Stored records

++++++++

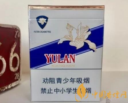 正面來看,頂部可以看到一條金色的邊框,下方是一條鐳射線條,在左上角可看到藍色為底的類似鉆石logo的圖案,上面有一朵白色的玉蘭花,圖案下方寫著“過濾嘴香煙”,中間是藍色為底的斜條長方形樣式,上方也是一朵白色玉蘭花和“玉蘭香煙”四個字,這算是很經(jīng)典的玉蘭香煙logo圖案了,最下方是警示標(biāo)語。背面跟正面差不多,整體包裝富有很濃郁的復(fù)古海報的風(fēng)格。
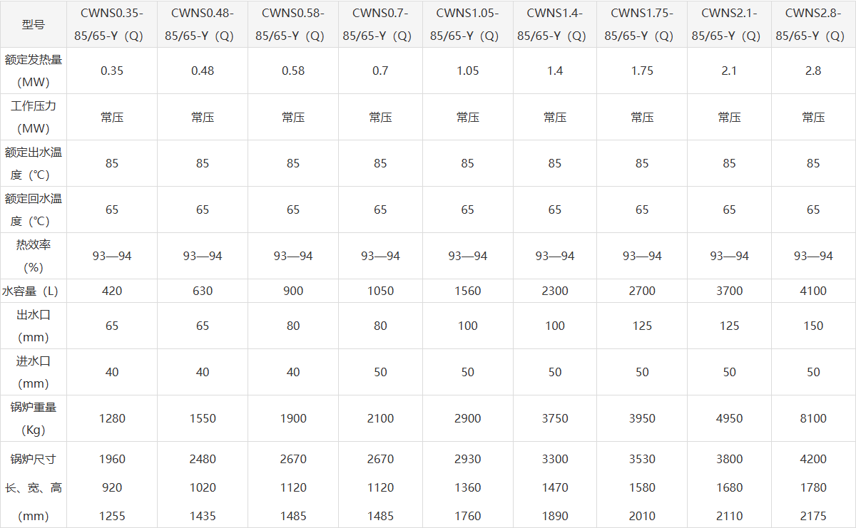 1、CWNS型燃气锅炉为卧式快装内燃三回程火管锅炉。采用偏置炉胆湿背式结构,高温烟气依次冲刷*二及第三回程 烟管,然后由后烟室经烟囱排入大气,结构紧凑,外形美观;
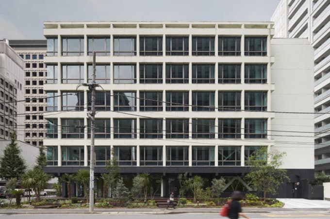 通りを歩いていると、聞き慣れない音や声が耳に飛び込んでくる。ビルの一角にある小さな公園のようなスペースは「永田町現代音」という音のミュージアム。グリーンの中にスピーカーが設置され、季節ごとにさまざまなアーティストが作品を発表する。また1階には、オーガニックカフェ、ドーナツ&コーヒーショップも併設し、オフィスビルながら街に開かれているのが特徴。2〜6階は、ソーシャルメディア事業などを手がける企業の本社として使われている。
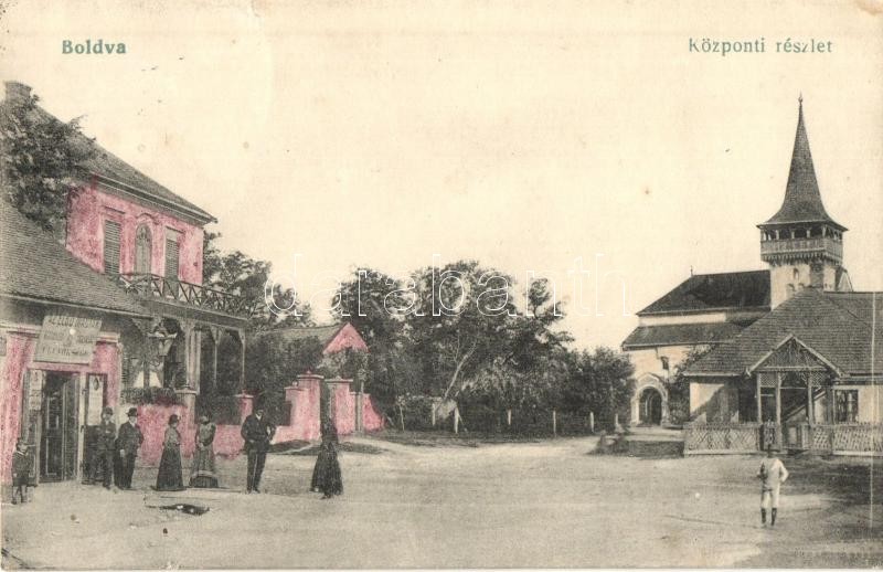 Leírás: Boldva, Központi részlet, Református templom, Első Magyar Biztosító Társaság ügynöksége. Dróth Gábor kiadása (EK)
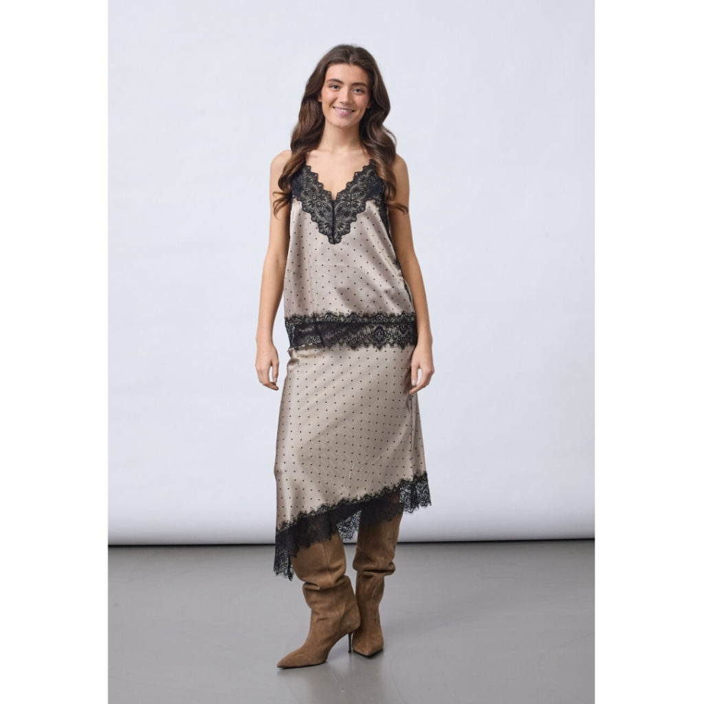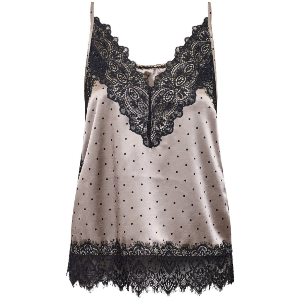 VALERIE-ST er en elegant top i luksuriøs silkeblød satin med et feminint polka dot mønster. Toppen har en V-udskæring prydet med detaljerige blondekanter. Den har justerbare stropper. Der findes også en matchede nederdel til.
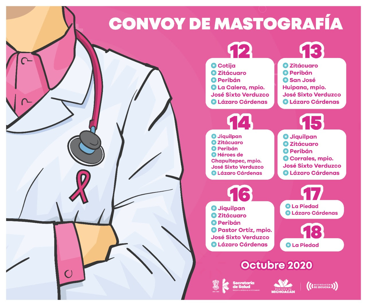 Morelia, Michoacán, a 11 de octubre de 2020.- La Secretaría de Salud de Michoacán (SSM), desplegará del 12 al 18 de octubre unidades móviles de mastografía en beneficio de las mujeres de comunidades indígenas o de difícil acceso.

++++++++

**EXERCISE DIRECTIONS**. Please give the entries above again exactly as written, leaving out any pictures.

**TASK RESPONSE**.
 正面來看,頂部可以看到一條金色的邊框,下方是一條鐳射線條,在左上角可看到藍色為底的類似鉆石logo的圖案,上面有一朵白色的玉蘭花,圖案下方寫著“過濾嘴香煙”,中間是藍色為底的斜條長方形樣式,上方也是一朵白色玉蘭花和“玉蘭香煙”四個字,這算是很經(jīng)典的玉蘭香煙logo圖案了,最下方是警示標(biāo)語。背面跟正面差不多,整體包裝富有很濃郁的復(fù)古海報的風(fēng)格。
 1、CWNS型燃气锅炉为卧式快装内燃三回程火管锅炉。采用偏置炉胆湿背式结构,高温烟气依次冲刷*二及第三回程 烟管,然后由后烟室经烟囱排入大气,结构紧凑,外形美观;
 通りを歩いていると、聞き慣れない音や声が耳に飛び込んでくる。ビルの一角にある小さな公園のようなスペースは「永田町現代音」という音のミュージアム。グリーンの中にスピーカーが設置され、季節ごとにさまざまなアーティストが作品を発表する。また1階には、オーガニックカフェ、ドーナツ&コーヒーショップも併設し、オフィスビルながら街に開かれているのが特徴。2〜6階は、ソーシャルメディア事業などを手がける企業の本社として使われている。
 Leírás: Boldva, Központi részlet, Református templom, Első Magyar Biztosító Társaság ügynöksége. Dróth Gábor kiadása (EK)
 VALERIE-ST er en elegant top i luksuriøs silkeblød satin med et feminint polka dot mønster. Toppen har en V-udskæring prydet med detaljerige blondekanter. Den har justerbare stropper. Der findes også en matchede nederdel til.
 Morelia, Michoacán, a 11 de octubre de 2020.- La Secretaría de Salud de Michoacán (SSM), desplegará del 12 al 18 de octubre unidades móviles de mastografía en beneficio de las mujeres de comunidades indígenas o de difícil acceso.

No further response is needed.